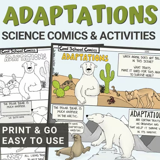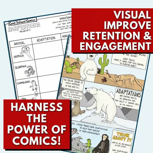This comic-style animal adaptations resource is a game-changer for teaching 3rd–5th grade science! It goes far beyond a simple coloring page by combining NGSS-aligned science content, visual storytelling, and interactive learning strategies to deepen student understanding of animal adaptations and survival.
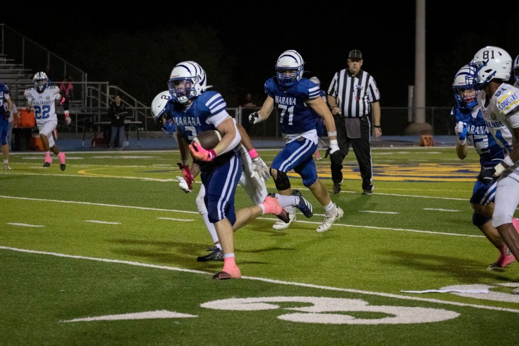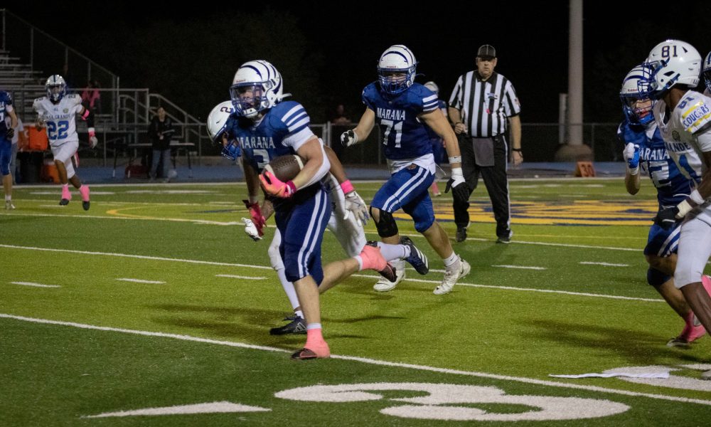 Friday night’s game had a different feel due to the Marana School District being on fall break. No band and a sparse crowd made Tiger Stadium uncharacteristically quiet, but that didn’t stop the team from playing hard in all phases for those in attendance.
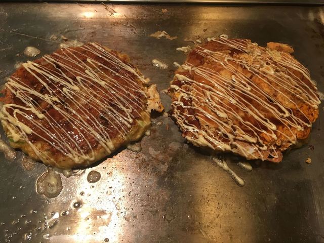 お好み焼きも焼き加減よく綺麗に仕上げてもらい、甘めと辛めのソース2種おいてありますが個人の好みで足してもらって可というスタイルです。
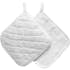 Kvadratiske grytelapper av 100 % bomull, som er quilted på den ene siden. Er med kantbånd og opphengsnor
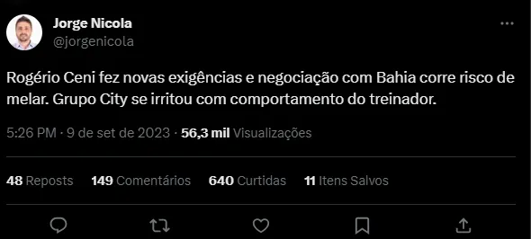 Antes, um dos maiores ídolos do São Paulo estava perto de acerto com o Bahia, mas parece que a negociação pode melar. De acordo com o jornalista Jorge Nicola, Ceni fez novas exigências à diretoria do Tricolor de Aço, o que irritou o Grupo City, que faz a gestão do clube baiano.
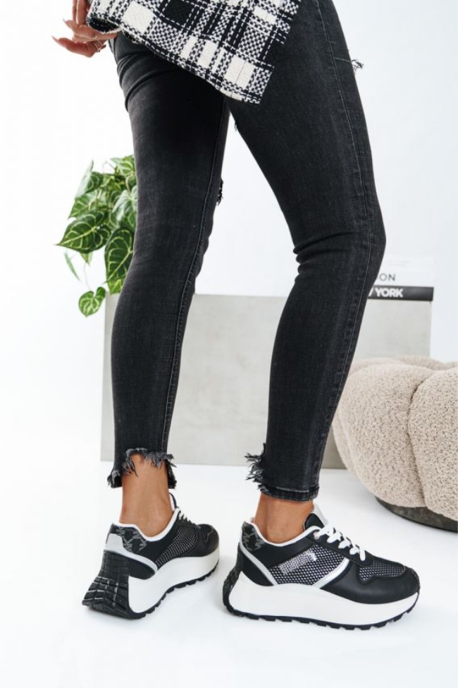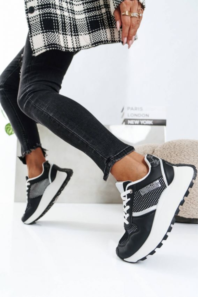 Sneakers με Δίχτυ και Ανάγλυφες Λεπτομέρειες – Μαύρο
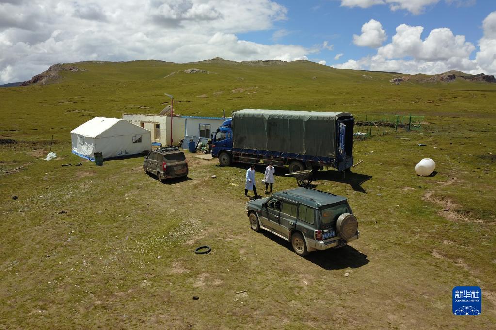 在治多縣索加鄉(xiāng)當(dāng)曲村,布久索南更青(左)和同事一起前往牧民家中問診(8月11日攝,無人機(jī)照片)。新華社記者 范培珅 攝
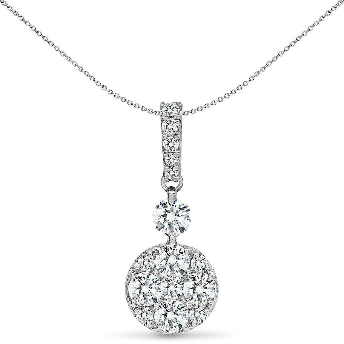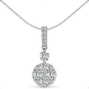 Jewelco London Solid 18ct White Gold Pave Set Round G SI 0.47ct Diamond Disco Cluster Drop Pendant

Your goal
Each entry needs to be retyped exactly; the pictures stay out.

Exercise output
This comic-style animal adaptations resource is a game-changer for teaching 3rd–5th grade science! It goes far beyond a simple coloring page by combining NGSS-aligned science content, visual storytelling, and interactive learning strategies to deepen student understanding of animal adaptations and survival.
 Friday night’s game had a different feel due to the Marana School District being on fall break. No band and a sparse crowd made Tiger Stadium uncharacteristically quiet, but that didn’t stop the team from playing hard in all phases for those in attendance.
 お好み焼きも焼き加減よく綺麗に仕上げてもらい、甘めと辛めのソース2種おいてありますが個人の好みで足してもらって可というスタイルです。
 Kvadratiske grytelapper av 100 % bomull, som er quilted på den ene siden. Er med kantbånd og opphengsnor
 Antes, um dos maiores ídolos do São Paulo estava perto de acerto com o Bahia, mas parece que a negociação pode melar. De acordo com o jornalista Jorge Nicola, Ceni fez novas exigências à diretoria do Tricolor de Aço, o que irritou o Grupo City, que faz a gestão do clube baiano.
 Sneakers με Δίχτυ και Ανάγλυφες Λεπτομέρειες – Μαύρο
 在治多縣索加鄉(xiāng)當(dāng)曲村,布久索南更青(左)和同事一起前往牧民家中問診(8月11日攝,無人機(jī)照片)。新華社記者 范培珅 攝
 Jewelco London Solid 18ct White Gold Pave Set Round G SI 0.47ct Diamond Disco Cluster Drop Pendant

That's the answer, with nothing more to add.